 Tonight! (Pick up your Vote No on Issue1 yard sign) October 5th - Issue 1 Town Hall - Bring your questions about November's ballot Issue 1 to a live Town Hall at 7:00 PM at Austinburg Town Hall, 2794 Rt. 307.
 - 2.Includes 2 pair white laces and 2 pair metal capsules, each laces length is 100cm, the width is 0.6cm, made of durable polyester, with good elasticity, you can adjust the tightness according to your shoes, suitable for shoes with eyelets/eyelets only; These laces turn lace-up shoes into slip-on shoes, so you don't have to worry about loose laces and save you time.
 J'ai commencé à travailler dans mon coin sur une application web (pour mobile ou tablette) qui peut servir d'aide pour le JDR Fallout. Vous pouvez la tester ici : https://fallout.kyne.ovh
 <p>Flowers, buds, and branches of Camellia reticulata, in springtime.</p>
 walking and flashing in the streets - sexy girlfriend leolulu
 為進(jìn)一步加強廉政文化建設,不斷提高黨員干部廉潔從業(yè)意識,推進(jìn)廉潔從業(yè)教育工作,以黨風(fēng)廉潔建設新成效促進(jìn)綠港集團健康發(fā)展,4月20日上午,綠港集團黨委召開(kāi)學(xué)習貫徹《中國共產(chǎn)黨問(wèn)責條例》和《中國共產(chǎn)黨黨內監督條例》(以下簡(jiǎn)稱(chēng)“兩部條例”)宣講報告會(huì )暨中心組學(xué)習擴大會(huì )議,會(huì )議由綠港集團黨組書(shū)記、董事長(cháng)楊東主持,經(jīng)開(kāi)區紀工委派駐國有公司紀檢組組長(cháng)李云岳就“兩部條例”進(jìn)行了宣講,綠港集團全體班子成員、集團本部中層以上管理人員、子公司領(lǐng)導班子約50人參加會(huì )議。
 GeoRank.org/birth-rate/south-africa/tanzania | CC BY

* * *

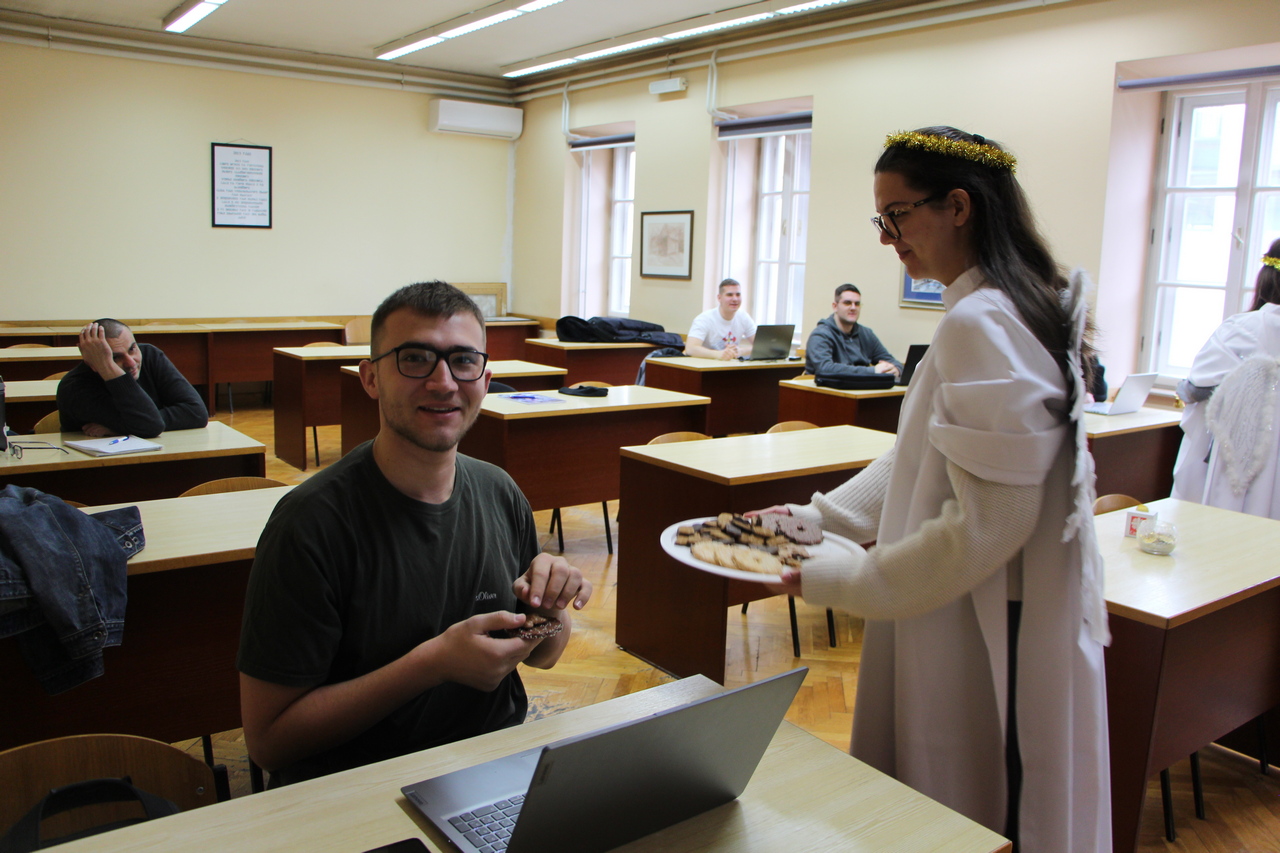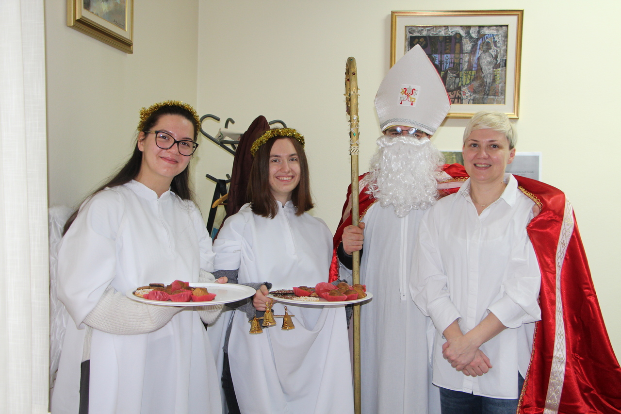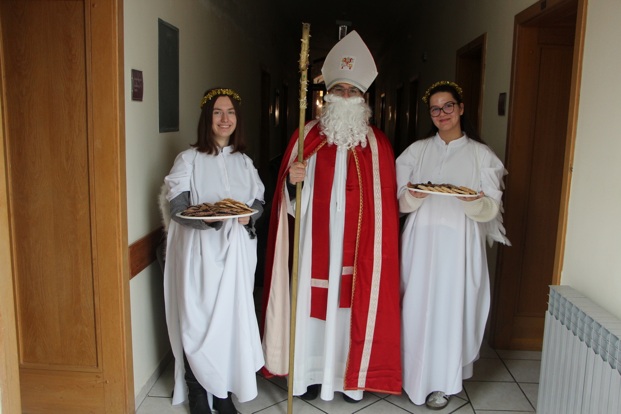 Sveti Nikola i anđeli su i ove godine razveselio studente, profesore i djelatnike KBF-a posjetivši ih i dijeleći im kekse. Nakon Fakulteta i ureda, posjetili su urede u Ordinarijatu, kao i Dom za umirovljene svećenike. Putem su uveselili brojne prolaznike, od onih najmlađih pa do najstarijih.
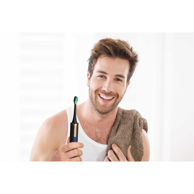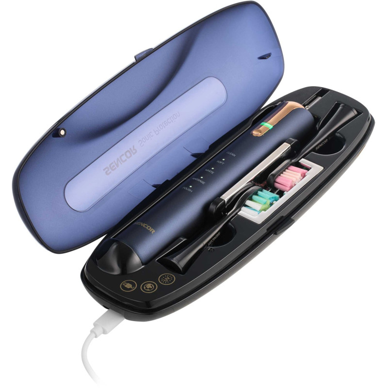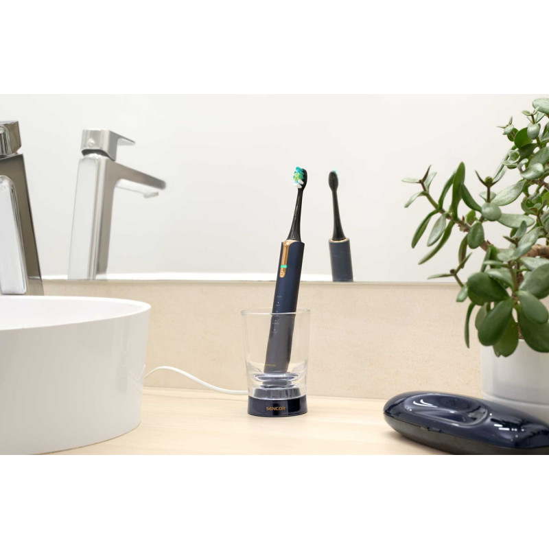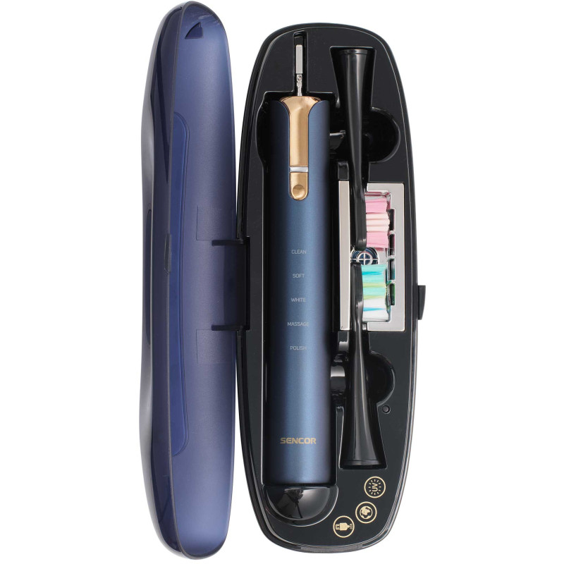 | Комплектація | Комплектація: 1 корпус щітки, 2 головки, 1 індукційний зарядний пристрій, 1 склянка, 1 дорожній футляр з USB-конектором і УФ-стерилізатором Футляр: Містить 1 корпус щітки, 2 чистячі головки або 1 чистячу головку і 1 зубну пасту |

==

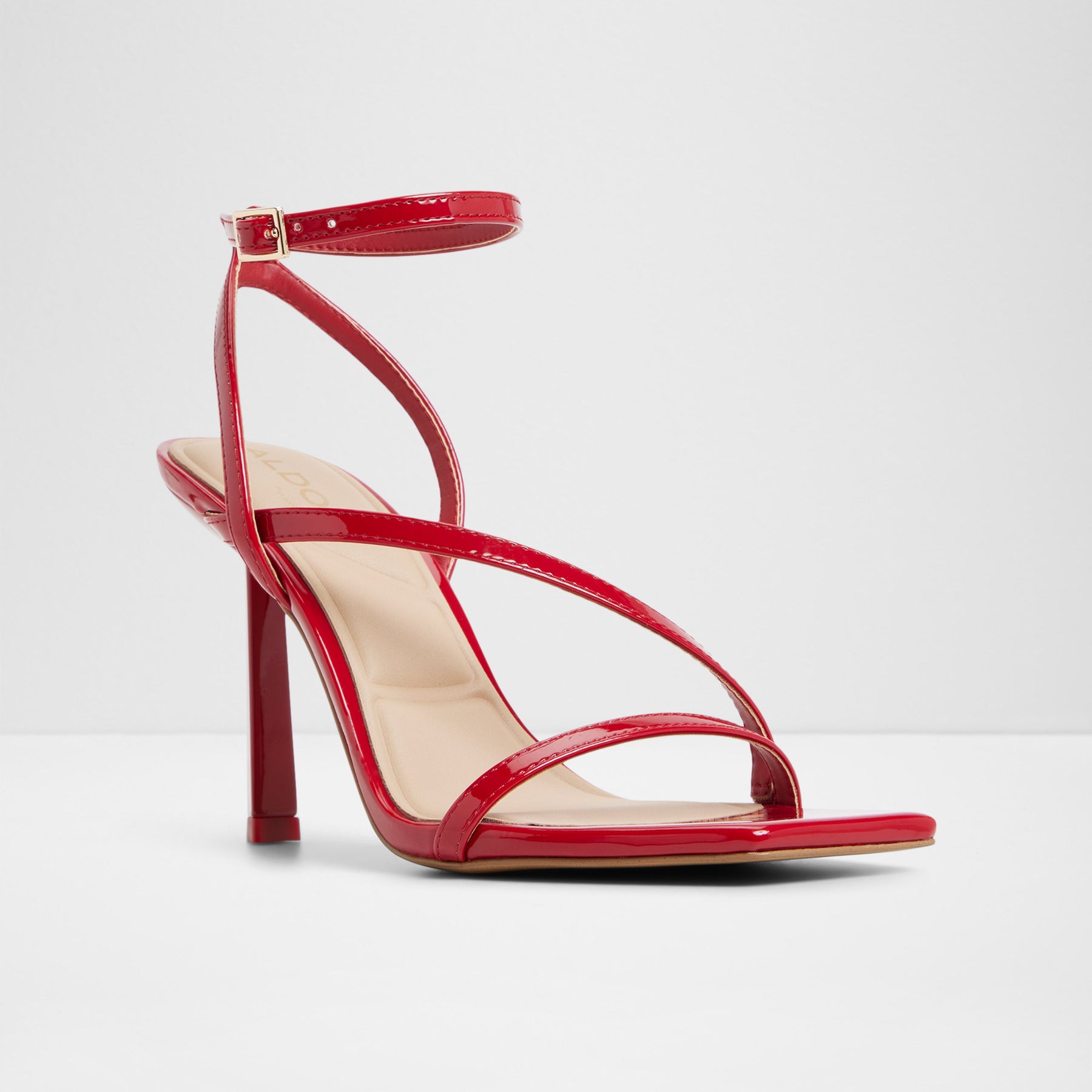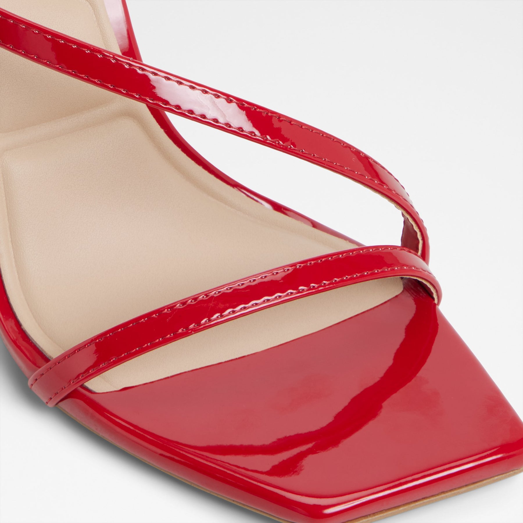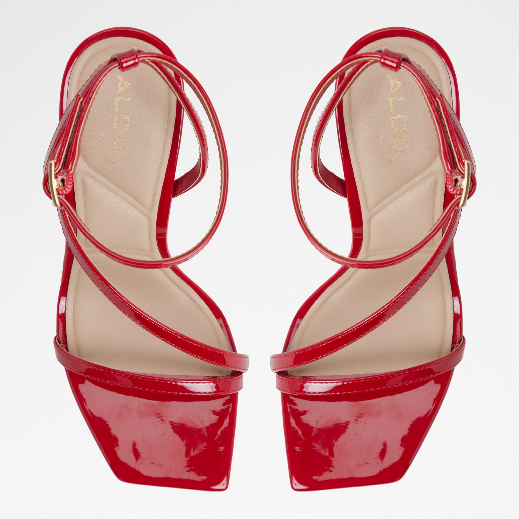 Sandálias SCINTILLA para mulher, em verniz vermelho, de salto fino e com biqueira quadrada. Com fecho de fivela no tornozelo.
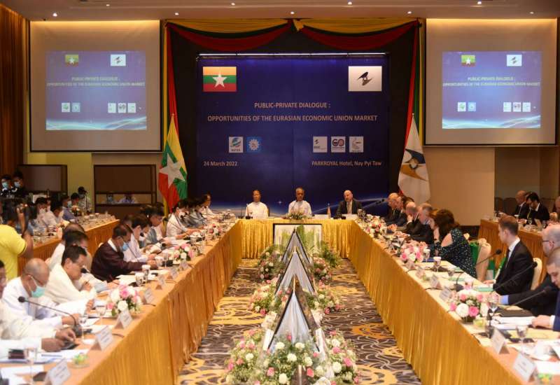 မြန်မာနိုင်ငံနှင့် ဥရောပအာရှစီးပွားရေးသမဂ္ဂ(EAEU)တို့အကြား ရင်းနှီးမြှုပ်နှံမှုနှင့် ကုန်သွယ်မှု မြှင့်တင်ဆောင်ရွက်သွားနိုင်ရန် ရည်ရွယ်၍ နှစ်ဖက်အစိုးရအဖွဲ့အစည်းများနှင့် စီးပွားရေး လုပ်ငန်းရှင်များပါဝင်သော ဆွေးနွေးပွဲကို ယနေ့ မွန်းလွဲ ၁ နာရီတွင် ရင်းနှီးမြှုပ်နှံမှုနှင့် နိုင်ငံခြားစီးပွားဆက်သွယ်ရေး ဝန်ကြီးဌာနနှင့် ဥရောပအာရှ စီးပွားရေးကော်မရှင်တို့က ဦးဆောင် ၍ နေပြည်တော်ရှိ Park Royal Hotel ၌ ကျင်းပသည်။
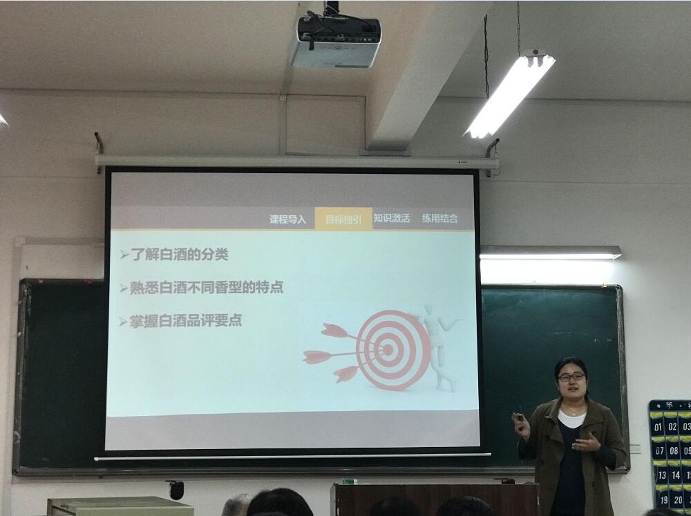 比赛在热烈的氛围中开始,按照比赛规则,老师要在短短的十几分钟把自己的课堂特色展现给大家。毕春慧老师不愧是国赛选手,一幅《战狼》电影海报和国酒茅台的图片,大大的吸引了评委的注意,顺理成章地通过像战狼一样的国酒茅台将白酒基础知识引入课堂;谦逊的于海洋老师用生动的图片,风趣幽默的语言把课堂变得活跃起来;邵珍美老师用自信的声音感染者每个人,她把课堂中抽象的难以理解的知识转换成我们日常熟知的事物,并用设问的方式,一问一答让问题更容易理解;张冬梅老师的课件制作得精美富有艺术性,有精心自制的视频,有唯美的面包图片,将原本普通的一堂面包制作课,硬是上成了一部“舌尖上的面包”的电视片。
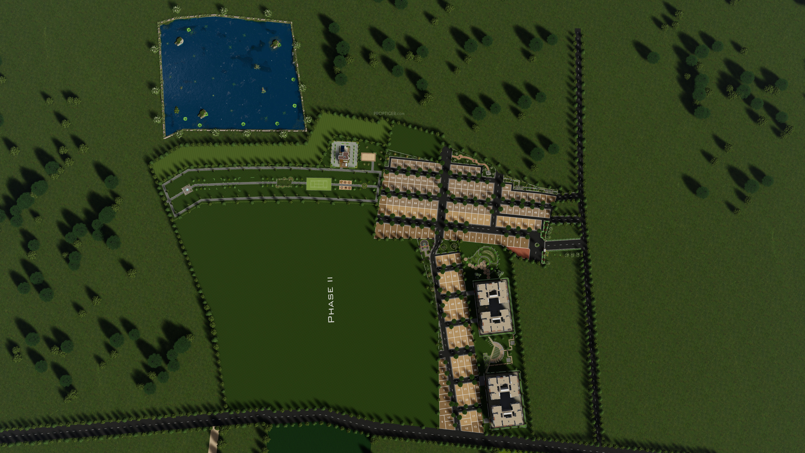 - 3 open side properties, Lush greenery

— Exercise —
Retype exactly the lines above, from the one with "Tonight! (Pick up" through the one with "GeoRank.org/birth-rate/south-africa/tanzania | CC", inclusive.

— Output for this task —
 Tonight! (Pick up your Vote No on Issue1 yard sign) October 5th - Issue 1 Town Hall - Bring your questions about November's ballot Issue 1 to a live Town Hall at 7:00 PM at Austinburg Town Hall, 2794 Rt. 307.
 - 2.Includes 2 pair white laces and 2 pair metal capsules, each laces length is 100cm, the width is 0.6cm, made of durable polyester, with good elasticity, you can adjust the tightness according to your shoes, suitable for shoes with eyelets/eyelets only; These laces turn lace-up shoes into slip-on shoes, so you don't have to worry about loose laces and save you time.
 J'ai commencé à travailler dans mon coin sur une application web (pour mobile ou tablette) qui peut servir d'aide pour le JDR Fallout. Vous pouvez la tester ici : https://fallout.kyne.ovh
 <p>Flowers, buds, and branches of Camellia reticulata, in springtime.</p>
 walking and flashing in the streets - sexy girlfriend leolulu
 為進(jìn)一步加強廉政文化建設,不斷提高黨員干部廉潔從業(yè)意識,推進(jìn)廉潔從業(yè)教育工作,以黨風(fēng)廉潔建設新成效促進(jìn)綠港集團健康發(fā)展,4月20日上午,綠港集團黨委召開(kāi)學(xué)習貫徹《中國共產(chǎn)黨問(wèn)責條例》和《中國共產(chǎn)黨黨內監督條例》(以下簡(jiǎn)稱(chēng)“兩部條例”)宣講報告會(huì )暨中心組學(xué)習擴大會(huì )議,會(huì )議由綠港集團黨組書(shū)記、董事長(cháng)楊東主持,經(jīng)開(kāi)區紀工委派駐國有公司紀檢組組長(cháng)李云岳就“兩部條例”進(jìn)行了宣講,綠港集團全體班子成員、集團本部中層以上管理人員、子公司領(lǐng)導班子約50人參加會(huì )議。
 GeoRank.org/birth-rate/south-africa/tanzania | CC BY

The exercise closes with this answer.